There is no practical vision for getting PNG back onto a development path. As the PNG LNG project has indicated, it would be foolish for PNG to put much belief in the hope that the resource sector can transform life on the ground for most Papua New Guineans.
The composition of expenditure cuts points to very poor budgeting and planning systems. In particular, the government indicated in its supplementary budget that it would be cutting expenditure by K928m for the remainder of 2016. In the end, the cuts amounted to only K262.2m. Staffing costs actually exceeded the Supplementary Budget by an extraordinary K471.0 million. Some deeper analysis of Appendix D in the FBO indicates most of this was for teacher salaries where the Supplementary Budget figure of K1,023 million was exceeded by K317.6 million. Such a massive difference of 31% in such a large and key area points to a lack of planning ability. The Tuition Fee Free Education policy was inevitably going to require more teachers and the government knew that teacher salaries were being increased – but such obvious costs did not flow through to the budget. This is poor management.

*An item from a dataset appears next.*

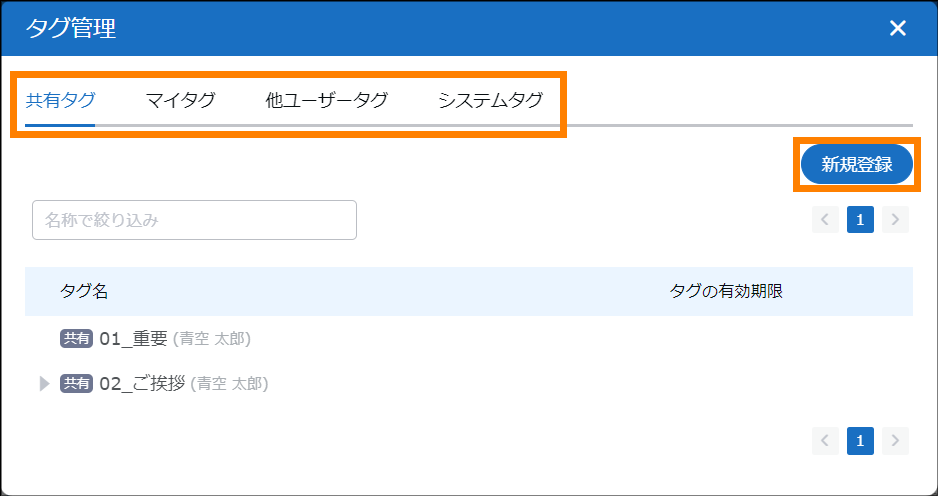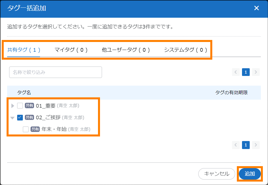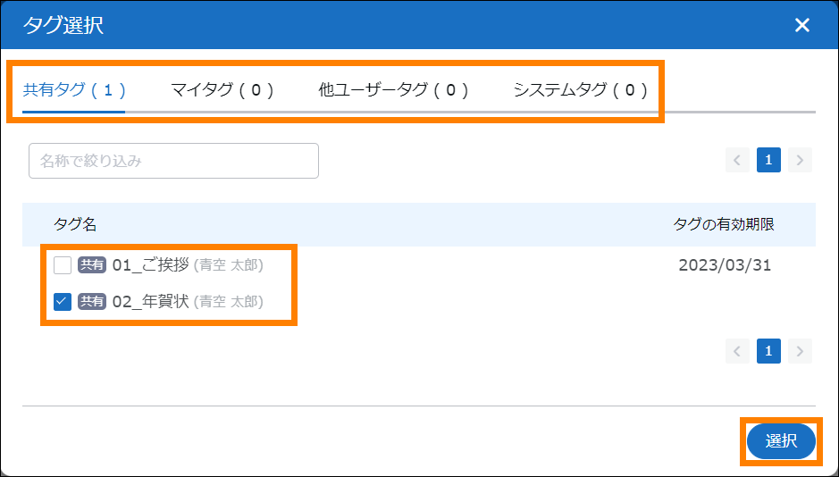 | タグで絞り込み | 一覧に表示される候補がタグで絞り込めます。絞り込む場合は、[タグ追加]をクリックし、対象となるタグを選択してください。 | ||

As usual, there are some hidden gems in such budget reports. For example, Table 33 on the K100 million spent through the “Secretary’s Advance” by Dairi Vele included K1,608,400 “to settle bills for Javati/Twivey Lawyer” and a rather unusual K18 million paid by the Electoral Commission to the Washington Embassy.
The performance information in Appendix 3 for many major projects (apart from those on road infrastructure) are difficult to reconcile. For example, the first item called “Provincial Hospitals Infrastructure” project is rated as 70% complete and operating to standards. However, this project expected to receive K225 million in 2016, this was severely cut to K160 million in the Supplementary Budget, and only K23 million was actually provided. How did this project complete 70% of its activities with only 10% of the expected budget? Such dubious performance reporting undermines other claims by government that it is achieving its Alotau Accord targets
Going forward, the extent of changes between the 2016 FBO and the 2016 Supplementary Budget has significant implications for the 2017 Budget. In particular, the Supplementary Budget assumed that revenues would increase by K928m but the FBO indicates revenue actually fell by K1,236.7 million – a difference of K2,164.7 million. Some of these lower revenue numbers, in particular the lower tax revenues, will flow into lower revenues in 2017. Likewise, some expenditure areas will be much higher than indicated in the 2017 budget. The starting base for staffing costs is now K471.1 million greater than expected and the government has shown no ability to curtail staffing costs. The K1,102.7 million reduction in goods and services expenditure late in 2016 as part of the close of accounts process could also partially represent simply a deferral of bills. Some of these bills will now have to paid in 2017 or defaulted on by the government – at the risk of hurting businesses and others owed money.
There is little doubt that the 2017 budget is now significantly off-track and a much larger deficit is inevitable. The 2017 budget needs to be redone.